I'm amazed at how self-revelatory are the letters of the people who berate Waldman for being too self-revelatory--in particular her male critics, whose ripostes rarely amount to more than "Shut up, bitch!"--and even more amazed by the total absence of reaction from these same readers when Waldman enlists their attention and sympathy to people less fortunate, less familiar, less like them.

Tuesday, December 13, 2005 11:51 AM

Bravo for Crazy Broads

Congratulations to all the women who are completely happy with themselves all the time. It's great that you're doing everything right. I'm sure you have very rich inner lives.

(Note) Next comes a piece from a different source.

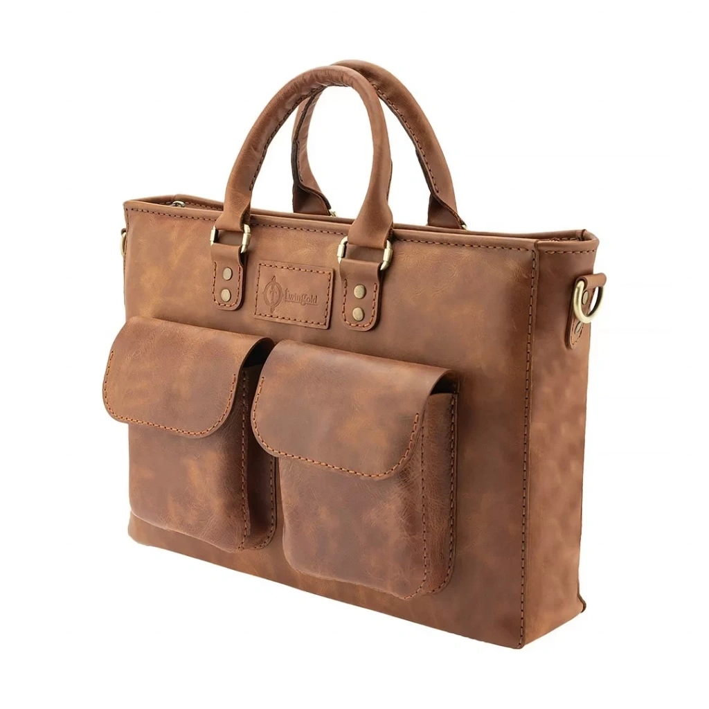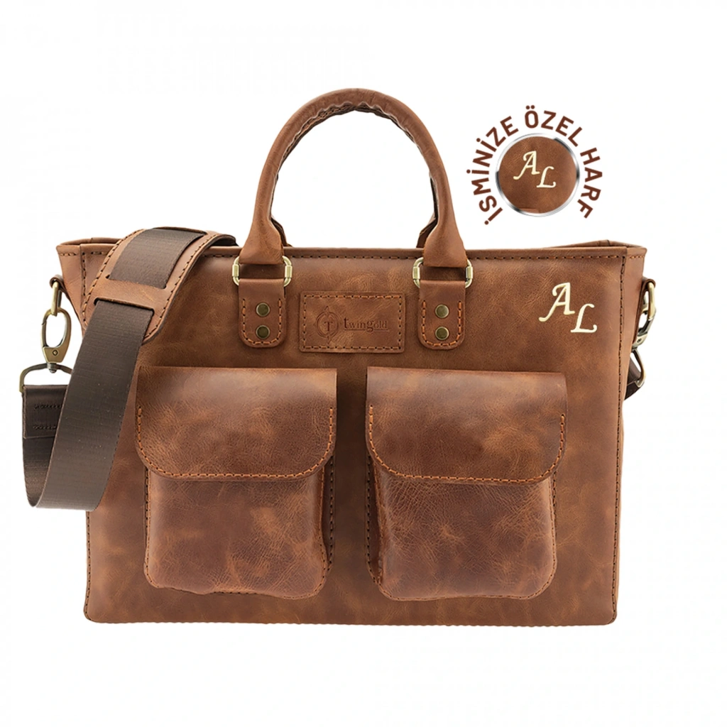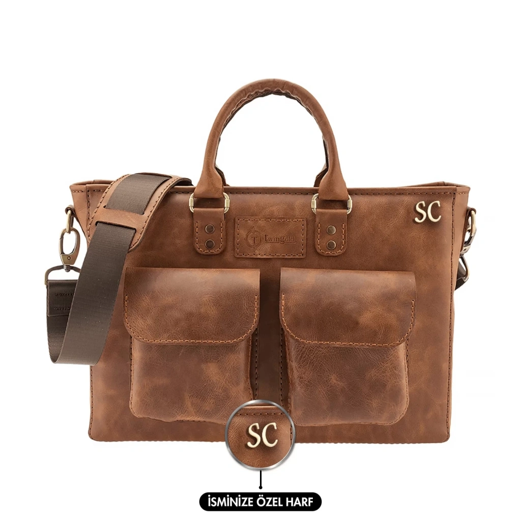İsme Özel Askılı Cepli Evrak - Laptop Çantası - %100 Rainbow Deri - AC09002 - Kahverengi

For me, being a human in this world is a bit more complicated. Of course a moderate diet with regular exercise is ideal. Of course we should be charitable and kind and hardworking and floss regularly and pay our bills on time and keep a clean house and read Chekhov and shave our legs consistently and a million other things. But I'm pretty sure that the day I actually managed to do everything right, the Lord would return and totally bump my big news to below the fold.

I believe that we must all "embrace our crazy" - we should acknowledge our imperfection and our pesky human frailty and laugh about it whenever possible. I think Ayelet's article speaks to the crazy in her life, and I applaud her for sharing it with us.

Tuesday, December 13, 2005 01:18 AM

Time management

Nothing to add on the weight-obsession issue.

Rather, the thing that struck me is Waldman's statement that "the only thing I can think of that consumes more of my day than fat-phobic freakouts is reading."

Four children (plus their homework!) and she spends the majority of her day reading and freaking out?

I'm not one to judge... but I do know what life is like with four children and I just find the way she is prioritizing her time.... sad.